Dear Susan: Should I Worry About My Family’s Response?

Dear Susan: Should I Worry About My Family’s Response?

dear-susan_white

When we are someone who much of the church has labeled as wrong, “the others”, even an abomination, we can’t help but worry about the impact our lives will have on those we love.

Should our concern about our family’s response cause us to compromise living true to ourselves? It is a question many in the gay community struggle with.

I write Dear Susan posts every Friday. Sometimes they are poignant, sometimes thought-provoking, sometimes tender, sometimes funny… but hopefully always worth the read.

Dear Susan,

I’m having a hard time not worrying about my family’s reaction to me being lesbian, because our “journeys” feel intertwined. How I live and what I share impacts them, especially with our larger family and vice versa. I think things (hopefully!?) will shake out soon. How worried should I be?

A Loving Daughter

Dear Loving Daughter,

I so appreciate your tender heart. Let me share a story with you…

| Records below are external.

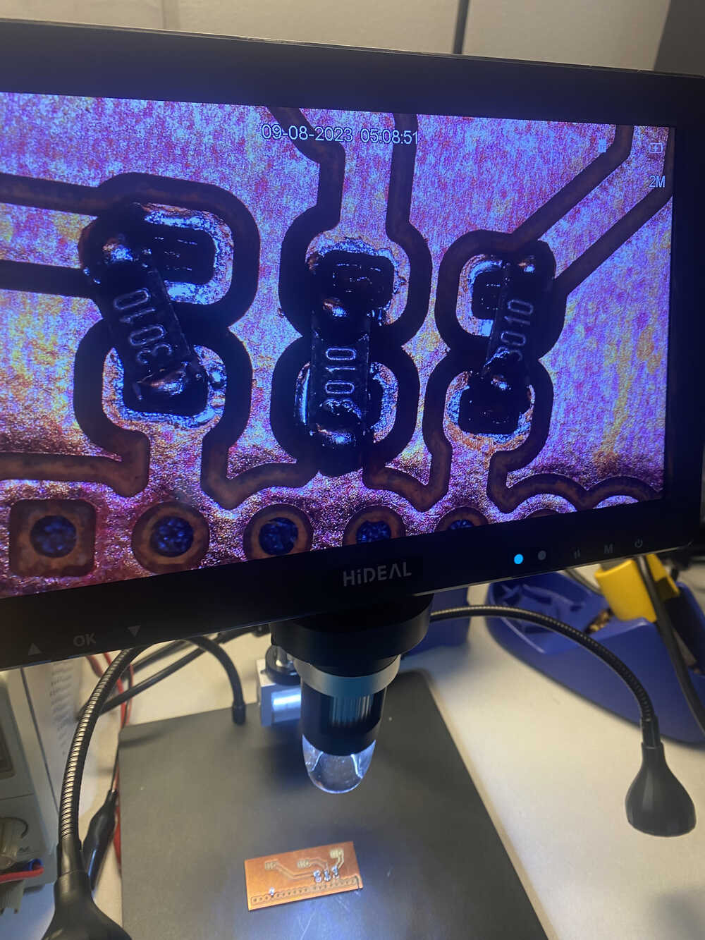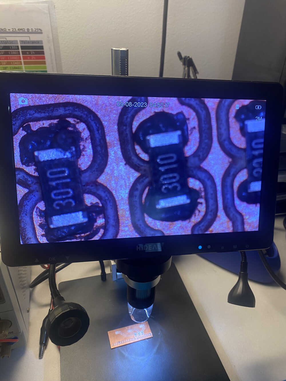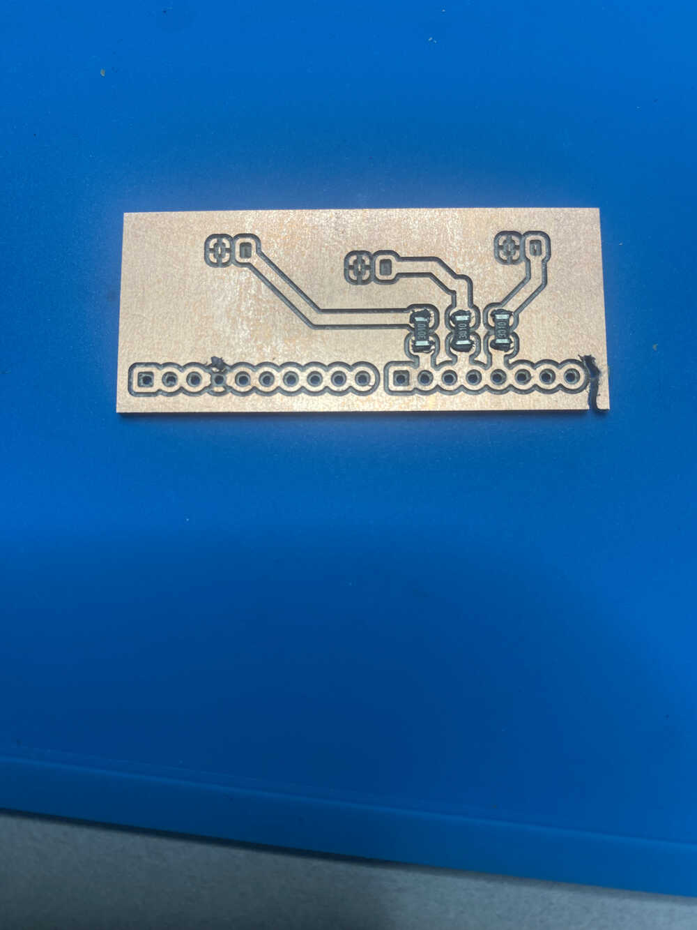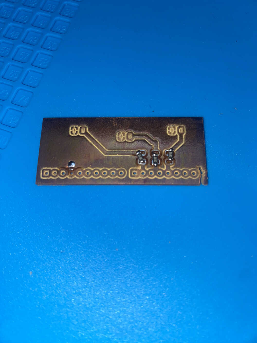 I continued to put on resistors with the paste despite the fact that the holes weren't totally sepperated.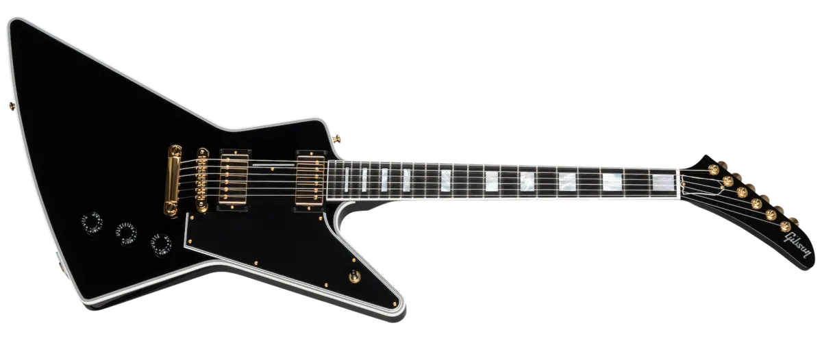 The classic Gibson Explorer dives into new aesthetic and sonic territory with this Custom-appointed version, replete with multi-ply binding, pearl appointments, gold hardware, and a solid Ebony fingerboard. It's an electrifying, upscale look which brings with it Gibson's signature playability, instantly-recognizable voice and Gibson Custom's unwavering commitment to building the best guitars on the planet.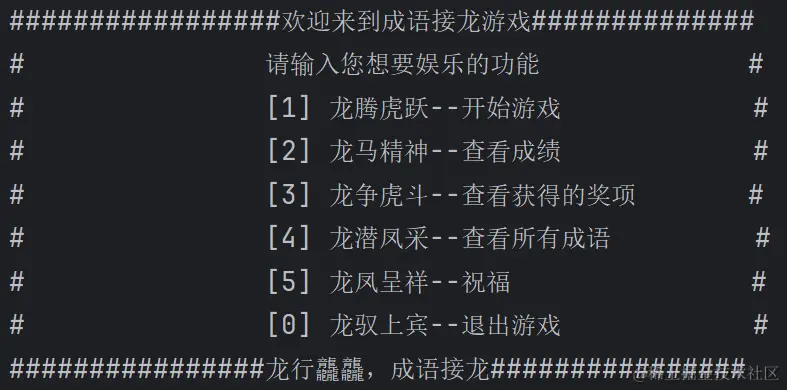 龙飞凤舞的逻辑代码如下:首先保证输入的必须是一个四字成语,且成语存在于我已经在网上下载好的一份成语文件中,如果输入正确,便由计算机开始第一个成语接龙,在guess函数中实现成语接龙的代码。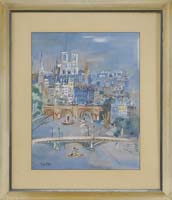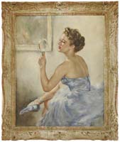 ISABELLE PARKE BRANSON CARTWRIGHT (American, 1885-1966) ALONG THE MAINE COAST & STILL LIFE OF FLOWERS. The two sided oil on canvas shows a rugged coastal view with waves crashing onto cliffs under colorful sky. Signed lower left “I B Cartwright”. The other side shows a blue glass vase of colorful morning glory type flowers. Housed in a modern gilt carved wood frame. SIZE: 15-1/2″ x 22-3/4″. CONDITION: Very good. 9-24944 (800-1,200)

When I was homeschooling, many years ago, I wanted my kids to love reading — and some do! But some love video games. I really hated it. Can’t they enjoy A Wrinkle in Time instead of Tony Hawk Skater game?

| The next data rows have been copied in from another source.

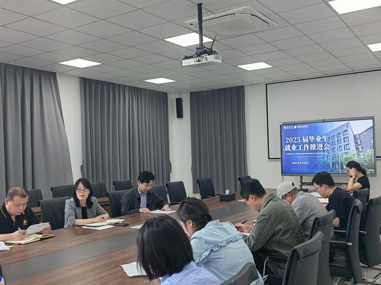 于4月29日召开2025届毕业生就业工作推进会。学院领导班子全体成员出席会议,会议由党总支书记朱奕远主持,学院各党支部书记、研究所、科研平台负责人、班主任、论文指导老师及全体辅导员参会。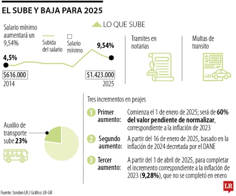El salario mínimo para 2025 será de $1.423.500, sin contar el subsidio de transporte. Además, en 2025 se registrarán aumentos en algunos trámites notariales y en las multas de tránsito. Estas sanciones y trámites están tasados en salarios mínimos diarios, que en 2024 eran de $43.333, y en 2025 aumentan a $47.450, con una diferencia de $4.117.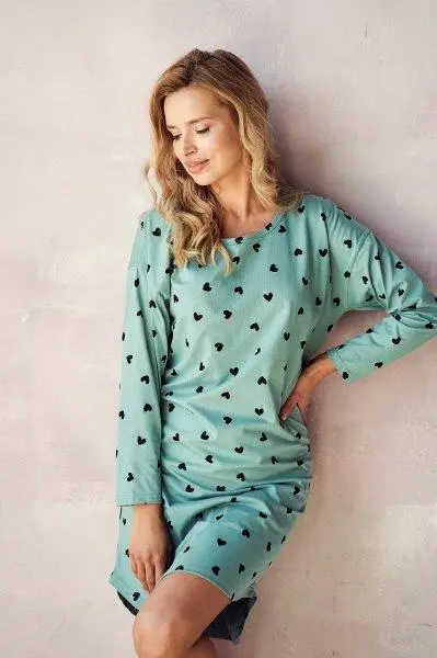 Jednoduchá dámská noční košile s dlouhým rukávem z potištěného tyrkysového materiálu. Kulatý výstřih, délka ke kolenům, spodní okraj tvarovaný.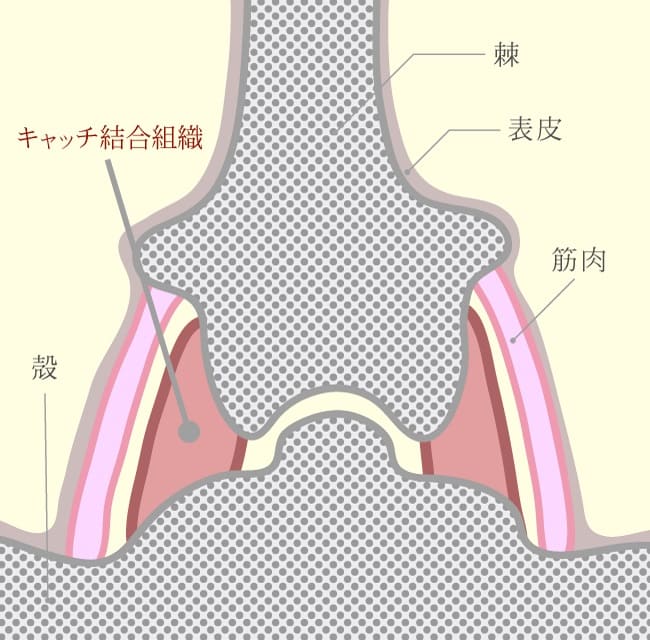 ウニの棘の根元の関節部は、ボールジョイント状になっています。 360度、どの方向にも倒すことができ、関節をとりまく二層の組織(筋肉とキャッチ結合組織)がトゲと殻(カラ)をつないでいます。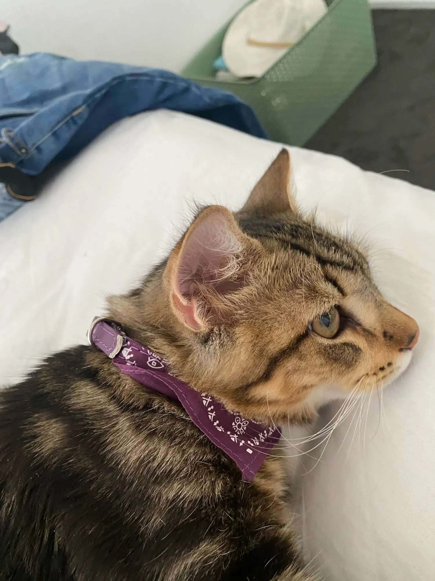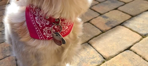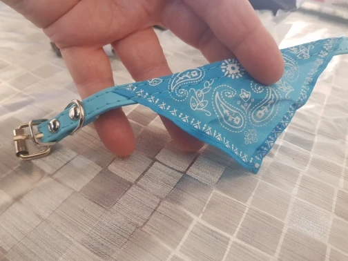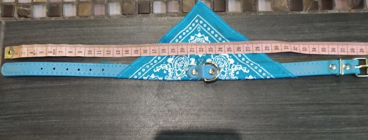 A coleira é muito boa, mas o lenço é um bocado pequeno.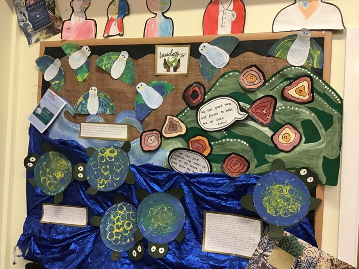 Little Way Week is inspired by St Thérèse of Lisieux, patron of mission. As a child St Thérèse dreamed of being a missionary. With age she understood that very few of us are called to make big and radical gestures, but that through small, loving actions we too can deliver God’s love to the world. We marked the week in conjunction with the text ‘It’s Up to Us: A Children’s Terra Carta for Nature, People and Planet. This inspired us to create artwork and to consider the small, loving actions that we can take to deliver God’s love to the world in line with the message from Pope Francis in Laudato Si.

My very wise husband (an outstanding father) said to me, “If you don’t embrace their love of videogames, you stand to make yourself irrelevant.” He was so right! After hearing him say it about 30 times, I got it!

Yes, I had this romantic notion of them sitting around reading enthralling tales hours at a time (some DO that — ha!), but most of my kids had other preferences, and I had to be okay with that.

It may sound like a silly comparison, but it truly is the difference between my choice for their life and their choice for their life!

Parents who cannot get their head around LGBTQ — undoubtedly from fear and years of wrong teaching — stand to make themselves irrelevant. Sad but true.

Their reaction is their choice. You cannot take it on your shoulders. The weight can be debilitating.

YOU have to live true to yourself. The joy and peace and happiness that comes from that will impact your family more than you know.

You can certainly talk to them about things but YOU are the one who has to decide what you’re going to do, who you’re going to be, regardless of your parents’ thoughts about it.

That is the right way to live. It leads to true peace.

And it’s the only way to freedom.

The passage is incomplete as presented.